The best way for providers to not fall victim to perceived gaslighting that is within our control is to be as transparent as possible.

So sometimes, I do have to be in the computer and go through a checklist. So I'll vocalize to a patient and say, "Hey, for the first part of this visit, I really need to go through these check boxes. It's gonna sound robotic, but bear with me, we'll get through this. And then we can have a normal conversation."

Patients are very appreciative of that, but that's not something that's taught – that's something that has to be sort of discovered or understood by shadowing a physician who does that.

Another thing providers really should be doing is explaining their pathway and their reasoning as to why they're making a specific diagnosis, as well as why they think a certain treatment would work, because it needs to be a team-based approach.

I may have in my head the few diagnoses that I think are most probable, as well as the treatment plan for each one.
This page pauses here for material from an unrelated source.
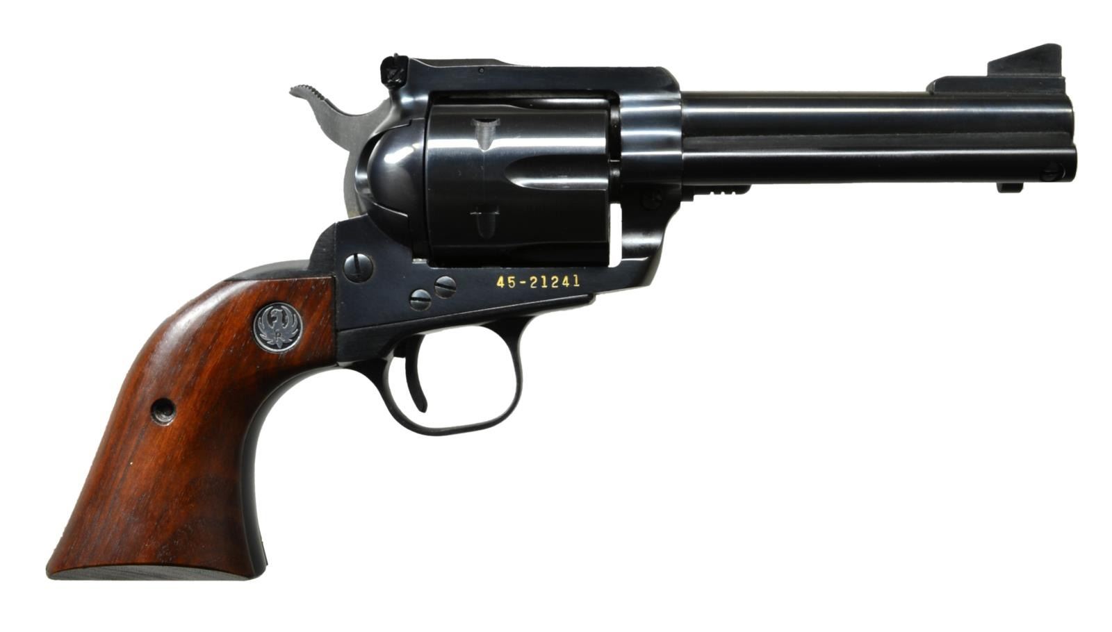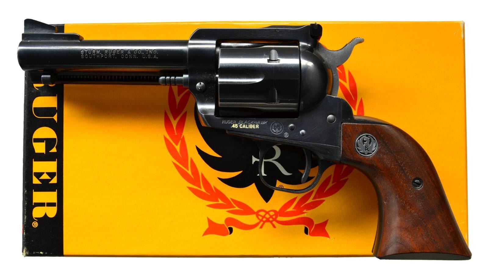 Cal. 45 Colt. S# 45-21241. Bbl. 4 5/8" w/ ramped base front sight & frame mounted adj. rear. Mfg. 1973 (1971-1973) w/ silver eagle medallion walnut grips. Original lockwork w/out factory safety update. White crayon added to some markings. UNATTACHED ACCESSORIES: near excellent original 2 piece yellow box w/ all original packaging plus matching number in red grease pencil on side of lid. CONDITION: great collector example w/ all aspects near excellent including bore & grips. (22-3524/NW). MODERN. $800-1,200.

But before explaining that to the patient, I ask, "Do you have any theories as to what's going on?" Or, "Do you have any worries specifically about a condition you think this might be?"

Because they might come in with a cough, and I might think it's just viral and could go on a long explanation of why they don't need antibiotics.
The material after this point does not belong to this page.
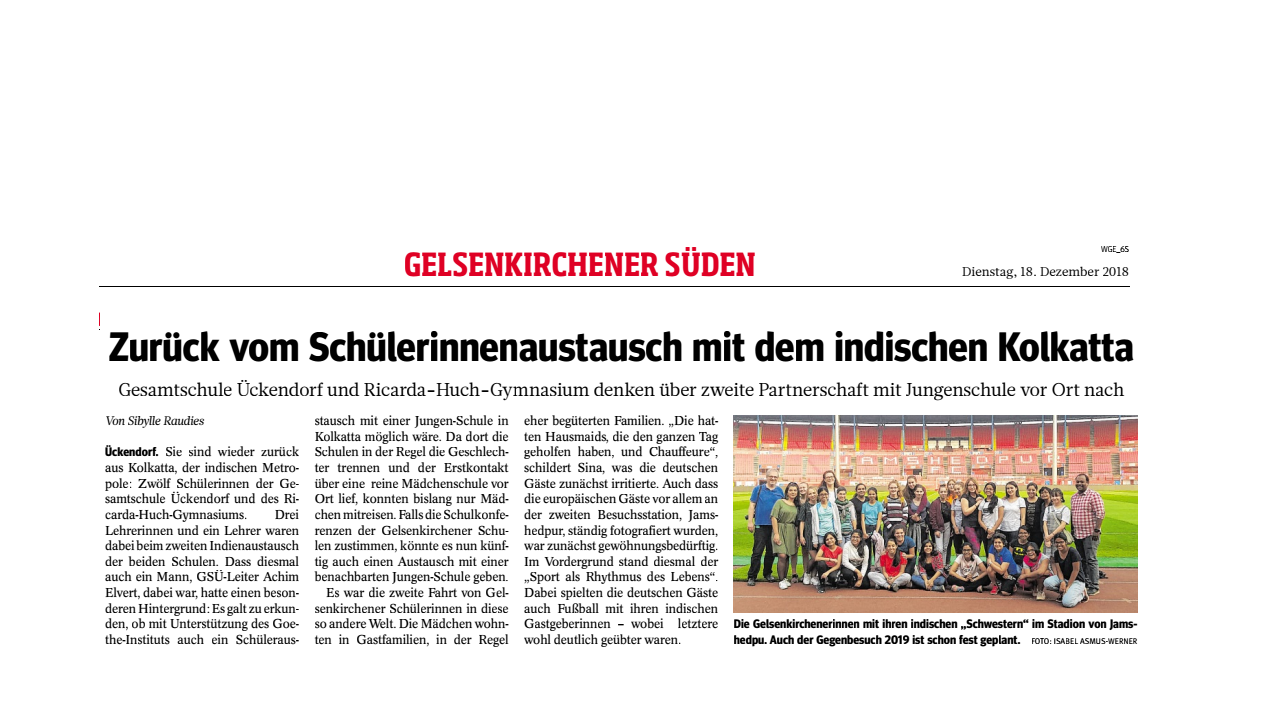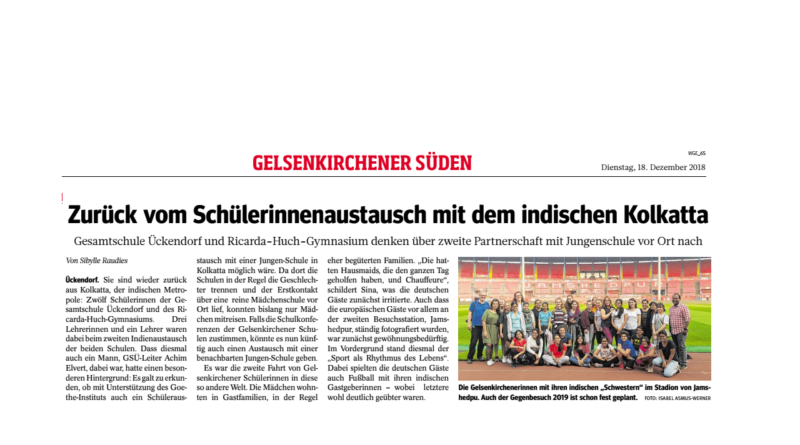 Presseschau: Die WAZ berichtet über den Indienaustausch 2018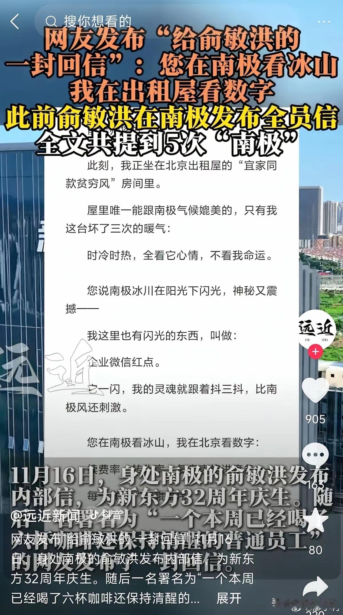 老俞啊老俞,真是聪明一世糊涂一时,你说你鼓励员工好好工作,直接说就行了,哪有那么多弯弯绕绕,说自己在南极看冰川企鹅,享受冰雪世界,希望公司的小伙伴坚守初心互相扶持,你说这不是纯纯地挑事儿吗,本来能互相扶持,被你这话都干懵了。老板在南极玩,他们打工人在公司工作,不知道的还以为是年底业绩做得好老板请员工们一起去南极玩呢。

Meanwhile, they're concerned about cancer, and they walk out without addressing that worry. So while I may have given the accurate diagnoses and treatment, I didn't really address the heart of the patient's concern.

So that's important to tease out, and we as doctors aren't good at doing that.

Take advantage of the hospital's patient advocacy office    

Sometimes it's difficult to advocate on your own behalf, especially when you're critically ill. But you can call patient advocates, explain your concerns, and they will go and speak to the providers on your behalf.

It's like getting one employee to go to bat for you, and only for you, as if they had a fiduciary responsibility to you. That's not utilized as often as I think it should be.

Just ask the nurse, or if you're admitted into a hospital, press zero and say, "I'd like the patient advocacy office."

Patients who have someone by their bedside will have better outcomes, it's just proven. Having that patient advocate with you will decrease the likelihood of communication errors and medication errors.

Labeling something "gaslighting" can actually become a self-perpetuating prophecy 

Studying gaslighting systemically for research purposes is important.

But for a patient to "diagnose" their provider with gaslighting them is not valuable to the patient, because falling down that line of thinking will ultimately harm your relationship.

I think what's a more valuable tool from cognitive behavioral therapy is to establish "charitable thinking" as a patient.

Instead of assuming that your provider is gaslighting you, even though they may well be, say, "OK, I don't think I'm getting adequate care, so I'm going to assume that the reason this is happening is outside of the provider's control. But I'm still going to try and get the most out of my visit."

Basically, without getting offended — which is very difficult and puts more emphasis on what you have to do as opposed to what the provider really should be doing — say, "OK, I need to ask questions and make it clear to the provider that I still don't understand what's going on."

If you still get shut down, then you have no choice but to look for a second opinion.

But if both parties exhibit charitable thinking, that's where you get the best outcomes.